Auf dem Weg durch die Fertigung bekommt der Besucher erst einmal einen Begriff davon, was aus Metall alles herzustellen ist: Blitzende, meterlange Relings für Superjachten, Gleichstromkästen für Straßenbahnen oder voluminöse Gehäuse für die Röntgenanlagen in Flughäfen. Die Unternehmensbereiche "Industrie" und "Projekt" liefern der Arnold AG zuverlässige Schwarzbrot-Erlöse.

Anspruchsvoll und schwierig zu kalkulieren sind hingegen die "Art"-Aufträge, keiner gleicht dem anderen. Solche im Volumen von um die 100.000 Euro gelten als klein.

Schon riecht es nach geschweißtem Metall, nach Alu, Lack und Lösungsmitteln. Es sirrt und pfeift, Funken fliegen, lautlos agieren hinter Schutzelementen Laserroboter der jüngsten Generation, Hebebühnen schweben in sieben Meter Höhe über Elementen, wie überdimensionale Bauklötze verstreut.

Vorbei geht es an einem Objekt, hoch wie ein Einfamilienhaus. Gerade einmal zwei Finger sind zu erkennen. Aber Arnold schüttelt den Kopf: Kein Wort darf er darüber verlieren. Wenn aus schlichtem Metall ein emotional beseeltes Kunstwerk und Millionenobjekt entsteht, sind die Künstler darauf bedacht, diesen Prozess in mythischem Dunkel zu belassen.

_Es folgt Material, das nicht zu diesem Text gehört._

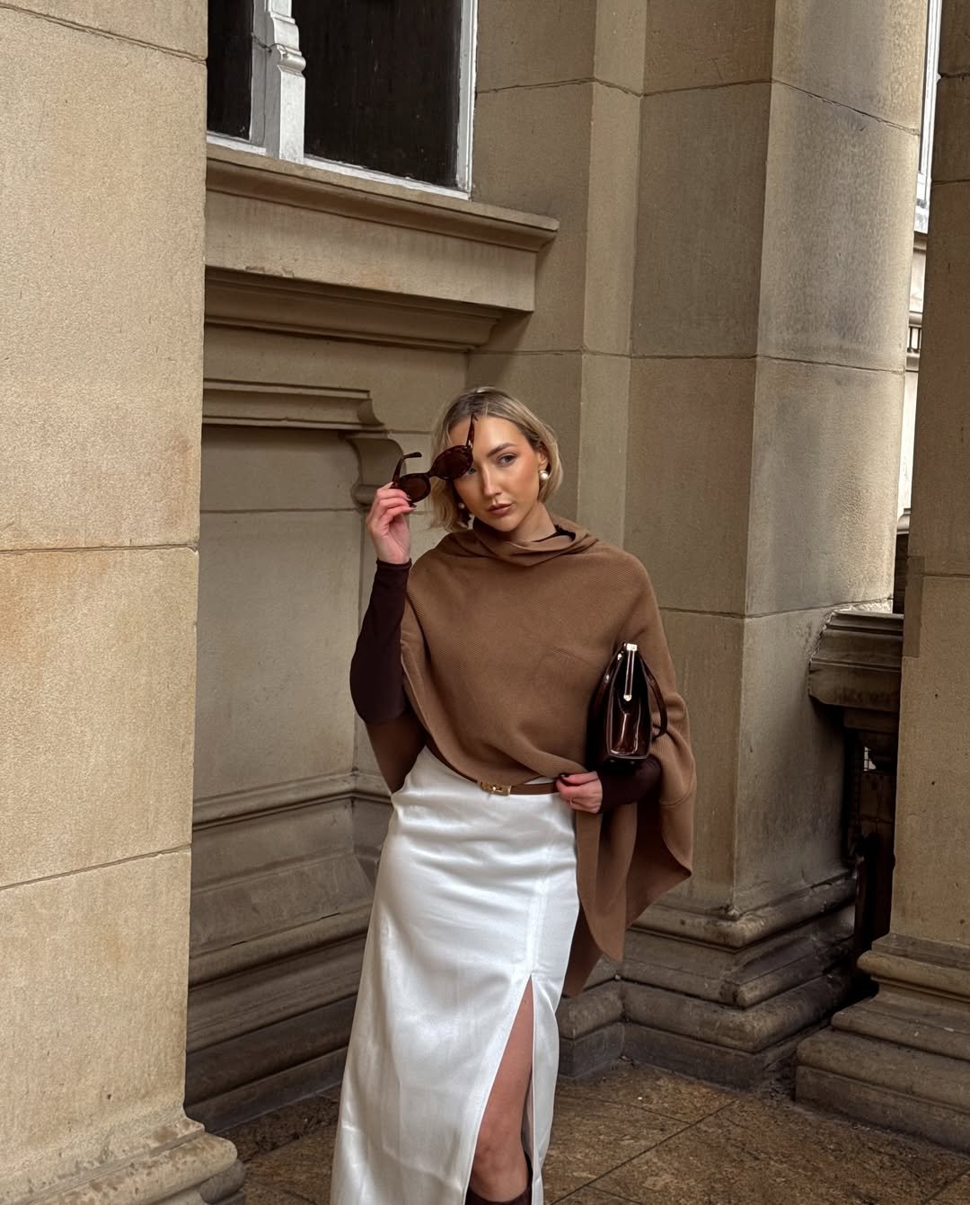 A silky cream midi with a subtle slit paired with a rich brown top and draped knit feels timeless. The tonal layering adds depth without overwhelming the look.

Penibel vertraglich abgesichert hat diesen Vorgang auch Jeff Koons, der einmal zugab: "Vieles von meinem Schaffen ist Verkaufen." Als ehemaliger Wall-Street-Broker hat er genug übers Business gelernt, um sicherzustellen, dass über aktuelle Projekte nicht das kleinste Detail aus der thüringischen Schmiede herausdringt.

Wie es zu diesen Aufträgen kam? Der 57 Jahre alte Firmenchef erinnert sich genau. Die Verbindung entstand über Hans Baumgart, den damaligen Geschäftsführer der Daimler Art Collection, der Jeff-Koons eine Skulptur abkaufen wollte, die erst auf dem Papier existierte. Aber der Künstler winkte ab, er habe keinen Hersteller dafür. Baumgart vermittelte den Amerikaner an die Arnold AG. Das ist jetzt über 20 Jahre her, und Koons’ Aufträge wurden immer aufwendiger und komplizierter – was die Größe betrifft, aber auch die elaborierte Farbgebung der hochglanz-brillanten Objekte in bis zu 15 Schichten.